The state auditor’s funding comes from both general fund appropriations and money generated from audit fees collected by the office. In 2009, the Legislature and governor slashed the state auditor’s general fund appropriation by 14 percent and required the office to derive a greater percentage of its budget from the audit fund.

But the audit fund has been largely depleted. Last year, lawmakers and the governor required the auditor to take $418,000 from the fund. In the coming fiscal year the fund will be about $200,000 short of that.

In a Sept. 1 letter to the Department of Finance and Administration, Balderas requested an additional $200,000 in general fund money to keep his overall FY2012 budget flat.

“If the (auditor’s office) does not receive assistance to remedy its deficit situation, the imminent fiscal crisis will damage the State Auditor’s constitutional and statutory independent audit functions,” Balderas wrote.

The letter was also sent to the Legislative Finance Committee.

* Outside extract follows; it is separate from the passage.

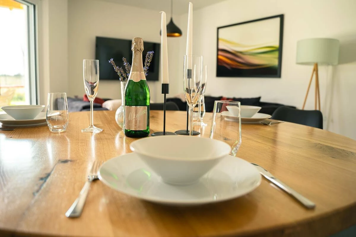 Die Bungalows werden mit einer hochwertigen, voll ausgestatteten Küche (u. a. Induktion) eingerichtet. Ein gemütlicher Essbereich mit luxuriösem Eichentisch lädt zum gemeinsamen Verweilen ein. Auf Wunsch stellen wir Ihnen gerne einen Kinderhochstuhl bereit.
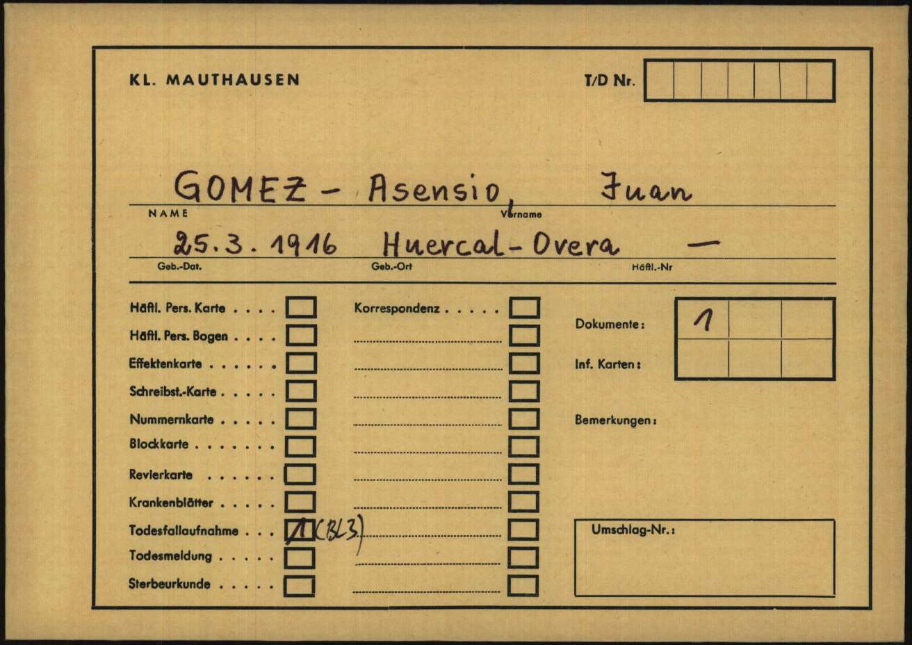 Juan Gómez Asensio va néixer el 25 de març de 1916 Huércal-Overa (Almeria). Va viure a Cerdanyola abans de la Guerra. No sabem encara les circumstàncies del seu exili i deportació.

Governor again pledges ‘the resources they need to do their job’

Gov. Susana Martinez

Instead of proposing adding $200,000 in general fund money to the auditor’s budget in the coming fiscal year, the governor and LFC propose cutting the auditor’s general fund appropriation slightly. The governor proposes slashing the funding more than the LFC – at 0.9 percent, or about $20,000.

The disparity between Balderas’ request for $200,000 in additional general fund money to keep his office’s budget flat and Martinez’s proposal for $20,000 in additional cuts equals the overall 8.8 percent cut to the state auditor’s office that would result if Martinez’s budget is approved.

Despite that, the governor’s office asserts that Martinez is only proposing a 0.9 percent cut to funding for the auditor.

“The governor’s budget calls for cuts to administration throughout state government – including cabinet departments, the Legislature, and state agencies,” Martinez spokesman Scott Darnell said. “The auditor’s office was cut in the governor’s budget by less than 1 percent, at a total of roughly $20,000.”

Darnell said the governor would “continue to work with the Legislature to craft a balanced budget that will include a budget appropriation for the auditor’s office that, as she said before, gives them the resources they need to do their job.”

Asked if that meant Martinez would fight to fund the auditor’s office at the level proposed in her budget – in other words, if Martinez believes the funding level proposed in her budget does give the auditor’s office the resources it needs to do its job – Darnell refused to elaborate further.

“The previous statements are going to have to stand,” he said.